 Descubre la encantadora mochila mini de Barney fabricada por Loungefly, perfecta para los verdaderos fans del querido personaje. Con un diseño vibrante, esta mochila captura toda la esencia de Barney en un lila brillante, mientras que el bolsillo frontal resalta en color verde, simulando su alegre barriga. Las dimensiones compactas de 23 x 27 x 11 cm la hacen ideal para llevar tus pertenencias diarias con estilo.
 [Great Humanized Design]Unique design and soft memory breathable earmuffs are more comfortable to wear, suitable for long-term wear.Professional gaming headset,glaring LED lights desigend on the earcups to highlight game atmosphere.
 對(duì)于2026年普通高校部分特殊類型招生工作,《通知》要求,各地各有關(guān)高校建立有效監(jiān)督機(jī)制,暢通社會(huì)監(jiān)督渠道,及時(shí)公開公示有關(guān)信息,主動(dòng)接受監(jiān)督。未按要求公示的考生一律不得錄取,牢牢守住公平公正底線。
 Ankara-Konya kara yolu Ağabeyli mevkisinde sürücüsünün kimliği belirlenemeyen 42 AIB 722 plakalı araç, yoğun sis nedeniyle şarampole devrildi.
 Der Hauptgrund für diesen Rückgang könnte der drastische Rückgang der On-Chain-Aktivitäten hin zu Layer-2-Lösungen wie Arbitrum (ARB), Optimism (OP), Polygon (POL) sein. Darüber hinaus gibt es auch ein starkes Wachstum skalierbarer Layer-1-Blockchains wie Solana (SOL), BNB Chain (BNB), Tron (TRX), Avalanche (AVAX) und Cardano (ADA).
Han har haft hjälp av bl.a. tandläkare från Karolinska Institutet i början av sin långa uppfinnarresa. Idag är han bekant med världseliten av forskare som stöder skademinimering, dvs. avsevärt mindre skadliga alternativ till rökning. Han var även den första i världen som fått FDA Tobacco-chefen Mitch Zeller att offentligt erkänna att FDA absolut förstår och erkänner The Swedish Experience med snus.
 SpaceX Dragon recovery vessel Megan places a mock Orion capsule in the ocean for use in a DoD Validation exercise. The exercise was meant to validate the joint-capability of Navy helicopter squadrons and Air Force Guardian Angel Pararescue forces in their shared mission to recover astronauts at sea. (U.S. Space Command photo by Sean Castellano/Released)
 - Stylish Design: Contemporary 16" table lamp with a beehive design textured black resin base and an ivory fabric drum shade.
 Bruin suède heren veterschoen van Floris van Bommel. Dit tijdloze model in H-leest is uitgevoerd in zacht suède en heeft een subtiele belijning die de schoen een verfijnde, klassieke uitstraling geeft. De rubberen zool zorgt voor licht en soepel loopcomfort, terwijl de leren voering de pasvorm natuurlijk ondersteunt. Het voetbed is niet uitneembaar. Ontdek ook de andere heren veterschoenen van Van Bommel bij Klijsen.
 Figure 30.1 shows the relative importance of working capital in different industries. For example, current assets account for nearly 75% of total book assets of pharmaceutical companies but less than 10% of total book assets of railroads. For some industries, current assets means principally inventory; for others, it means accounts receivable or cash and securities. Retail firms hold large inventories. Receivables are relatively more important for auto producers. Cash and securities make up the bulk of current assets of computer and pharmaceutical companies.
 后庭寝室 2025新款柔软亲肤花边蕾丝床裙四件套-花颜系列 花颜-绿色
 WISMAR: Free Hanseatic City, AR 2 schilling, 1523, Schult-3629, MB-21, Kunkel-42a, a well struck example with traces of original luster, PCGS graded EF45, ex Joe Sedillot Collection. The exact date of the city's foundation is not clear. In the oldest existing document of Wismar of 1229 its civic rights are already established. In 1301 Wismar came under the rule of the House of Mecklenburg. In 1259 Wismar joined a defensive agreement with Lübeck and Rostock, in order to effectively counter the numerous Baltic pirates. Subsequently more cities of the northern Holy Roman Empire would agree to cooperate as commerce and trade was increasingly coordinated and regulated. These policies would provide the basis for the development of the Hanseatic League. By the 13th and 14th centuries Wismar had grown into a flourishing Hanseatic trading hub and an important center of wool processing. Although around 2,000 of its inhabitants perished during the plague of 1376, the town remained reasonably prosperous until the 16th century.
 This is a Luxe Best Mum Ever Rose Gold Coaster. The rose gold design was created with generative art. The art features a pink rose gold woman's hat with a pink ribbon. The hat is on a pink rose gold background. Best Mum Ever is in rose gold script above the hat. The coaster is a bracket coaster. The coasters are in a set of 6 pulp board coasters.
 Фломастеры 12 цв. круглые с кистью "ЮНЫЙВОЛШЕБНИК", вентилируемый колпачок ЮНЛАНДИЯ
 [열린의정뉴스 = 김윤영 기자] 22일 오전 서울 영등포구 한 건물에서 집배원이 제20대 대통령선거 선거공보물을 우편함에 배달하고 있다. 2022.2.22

* _Task prompt_: Could you please retype the lines from the start of the data through the line with "SpaceX Dragon recovery", both included, and nothing else?

* _Exercise solution_:
 Descubre la encantadora mochila mini de Barney fabricada por Loungefly, perfecta para los verdaderos fans del querido personaje. Con un diseño vibrante, esta mochila captura toda la esencia de Barney en un lila brillante, mientras que el bolsillo frontal resalta en color verde, simulando su alegre barriga. Las dimensiones compactas de 23 x 27 x 11 cm la hacen ideal para llevar tus pertenencias diarias con estilo.
 [Great Humanized Design]Unique design and soft memory breathable earmuffs are more comfortable to wear, suitable for long-term wear.Professional gaming headset,glaring LED lights desigend on the earcups to highlight game atmosphere.
 對(duì)于2026年普通高校部分特殊類型招生工作,《通知》要求,各地各有關(guān)高校建立有效監(jiān)督機(jī)制,暢通社會(huì)監(jiān)督渠道,及時(shí)公開公示有關(guān)信息,主動(dòng)接受監(jiān)督。未按要求公示的考生一律不得錄取,牢牢守住公平公正底線。
 Ankara-Konya kara yolu Ağabeyli mevkisinde sürücüsünün kimliği belirlenemeyen 42 AIB 722 plakalı araç, yoğun sis nedeniyle şarampole devrildi.
 Der Hauptgrund für diesen Rückgang könnte der drastische Rückgang der On-Chain-Aktivitäten hin zu Layer-2-Lösungen wie Arbitrum (ARB), Optimism (OP), Polygon (POL) sein. Darüber hinaus gibt es auch ein starkes Wachstum skalierbarer Layer-1-Blockchains wie Solana (SOL), BNB Chain (BNB), Tron (TRX), Avalanche (AVAX) und Cardano (ADA).
Han har haft hjälp av bl.a. tandläkare från Karolinska Institutet i början av sin långa uppfinnarresa. Idag är han bekant med världseliten av forskare som stöder skademinimering, dvs. avsevärt mindre skadliga alternativ till rökning. Han var även den första i världen som fått FDA Tobacco-chefen Mitch Zeller att offentligt erkänna att FDA absolut förstår och erkänner The Swedish Experience med snus.
 SpaceX Dragon recovery vessel Megan places a mock Orion capsule in the ocean for use in a DoD Validation exercise. The exercise was meant to validate the joint-capability of Navy helicopter squadrons and Air Force Guardian Angel Pararescue forces in their shared mission to recover astronauts at sea. (U.S. Space Command photo by Sean Castellano/Released)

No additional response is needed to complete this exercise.